Knowles the storyteller grew a little more animated.

“During the Reagan era,” he said, “the U.S. funneled big sums of foreign aid to the right-wing Salvadoran government as part of our ‘containment’ strategy against Soviet-allied socialist movements. Around the time Márquez would have been a teenager, there were ‘murder squads’ in operation-the government, which was more or less funded by us, would send out raping-pillaging units to eradicate rural settlements said to be harboring the leftist rebels, which in turn were said to be funded by the Soviets.
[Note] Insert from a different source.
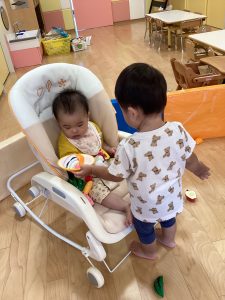 小さいクラスのお友だちのお世話もしてくれるようになったりんご組さんといちご組さんはままごとが始まるとぽぽちゃんを抱っこして「おいしい?」と声をかけながらミルクを飲ませてあげたり、「おやすみー

There was more at work domestically than was understood initially, though-it seemed the ‘murder squads’ were focused more on the genocide of the native population than on eradication of the rebels.”
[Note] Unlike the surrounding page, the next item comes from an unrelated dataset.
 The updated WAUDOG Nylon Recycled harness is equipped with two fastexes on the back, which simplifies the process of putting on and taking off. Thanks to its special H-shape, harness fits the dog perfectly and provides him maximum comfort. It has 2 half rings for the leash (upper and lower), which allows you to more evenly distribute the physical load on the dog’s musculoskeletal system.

Laramie was familiar with most of this history. “So the way he tells it,” she said, “he survived an attack from one of the U.S.-financed murder squads?”

“You got it,” Knowles said. “Apparently he was the only one to make it out of his village.”

Laramie nodded. “So, if true,” she said, “Márquez’s story means he witnessed the wholesale slaughter of his entire village-family, friends, whatever-and blames America for the genocide from which he managed to escape.”

Rothgeb leaned in over the table again.

“Yep,” he said. “And a recent history of genocidal acts against native encampments is certainly not restricted, in the Americas, to El Salvador-we think there is a high likelihood he used his own experience to recruit similarly disenfranchised indigenous-culture survivors on a pan-American basis. He’d have quite a pool to pull from-even if he was operating solely on the basis of regional genocidal acts perpetrated by regimes kept afloat in part by U.S. foreign aid.”

Knowles made a “who knows” gesture with his palms and took the baton again.

“Did he discover the biological weapons lab in Guatemala? Did a scientist who worked there steal some engineered filo and bring it to Márquez? Any number of scenarios would make a great deal of sense on top of what we’ve already laid out. It would explain a lot of the variables here.”

“He’s your guy,” Rothgeb said.

Cole spoke up too.

“Hard to go any other way with it,” he said.

Laramie digested what her “cell” had just presented. Well-oiled machine, indeed-even being the foreign affairs junkie she was, Laramie was finding difficulty poking a single hole in their theory.

“I’ll need a minute or two to soak this up,” she said. “Also, we’ll need to get as much intel on him as possible. Can-”

She had been about to summon the man, but watched as her guide leaned into the doorway as though delivered by synaptic remote control.

“-we get everything CIA and its brethren have on him and his regime?” she asked.

“Already in process,” her guide said, and retreated behind the wall.

Laramie decided she ought to arrange to have the man accompany her everywhere she went.

Knowles said, “On the topic of the letters ‘ICR’ and the facility in Guatemala, Eddie and I had an idea.” Laramie kind of turned toward Rothgeb as Knowles spoke, thinking, Eddie? “In the course of doing some research for one of my books, I came across the story of a senior Defense Intelligence Agency attaché who was arrested and sentenced to two consecutive life sentences for treason. Only thing was, they didn’t nab him for being a double agent for China, or Russia, or whoever else specifically-instead, he was found to have been in business for himself, a kind of freelance provisioner of all manner of U.S. intelligence committee secrets.”